Last week Bloomberg Businessweek ran a short piece on Varoufakis, the former head of the economics PhD program at the University of Athens. Funding has run out for the program, and Varoufakis is now teaching in Austin, Tex. When it was thriving, however, the PhD program in Athens tried to train economists in a new way: It forced them to understand the math of economic modeling but also taught them philosophy and the history of economics.
Varoufakis wanted his students to understand what economic models couldn’t do. “One of the great problems that economics has as a discipline is that we have a tendency to mathematize our theories,” says Varoufakis, “Physicists have done wonders with this, but the problem is, the moment you try to mathematize an economic hypothesis, you end up with mathematical models that are highly indeterminate.” By “indeterminate,” he means that economic models can produce a range of answers. You can fix this by assuming one of two things to be true: Either everyone has the exact same motivations, or time doesn’t exist. “If you introduce both complexity and time in the same model,” says Varoufakis, “anything goes.”
The Rational Expectations hypothesis, for example, predicts that an increase in money supply from a central bank will necessarily create inflation. It assumes that everyone is the same, omniscient person. Varoufakis points to formulas such as Black-Scholes and Value at Risk, which investors use to price derivatives and assess firm-wide risk. “They’re actually very nice,” he says, “I spent many hours happily studying them; they were like a piece of art. And each and every one of them had the same assumption in it—that everyone knows everything in advance.” The problem, says Varoufakis, was not the models themselves, but the way they were taken as articles of faith. Having mastered a model, he says, “you feel that you are one of the masters of the universe, it gives you a false sense of security when, effectively, [the models] are assuming reality away. ”
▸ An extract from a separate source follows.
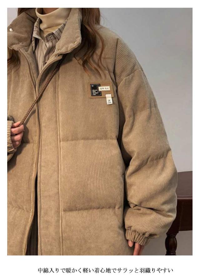 全2色!中綿コート コーデュロイ キルティングコート ジャケット レディース 無地 アウター 秋冬 長袖 ハイネック 中綿 コーデュロイ 大きいサイズ 中綿入り 防寒 暖かい 防寒コート キルティングジャケット 羽織り 上着 防風 厚手 大人 可愛い シンプル 送料無料

Journals and universities prefer economists who can present something that looks like science. Economists who enter the financial sector find themselves committed to assumptions that make them lots of money. Abstract models inform concrete government policy. “My extreme worry,” says Varoufakis, “was that the young PhDs coming through the ranks worldwide were utterly illiterate.”
I e-mailed James K. Galbraith, who holds a chair in government and business at the Lyndon B. Johnson School of Public Affairs at the University of Texas, Austin. He suggested that UT hire Varoufakis, so he’s inclined to be sympathetic, but he shares the same perspective. In an e-mail, he writes about the “mysticism” in models, which he defines in two ways: “(1) models that traffic in concepts with no operational meaning—abstractions that will never be observed or measured—and (2) models that frame (mis-frame) problems in ways that lead to extreme and unreasonable policy conclusions. … These are serious issues in the United States, and they do have something to do with the lack of training in economic history and history of economic thought.”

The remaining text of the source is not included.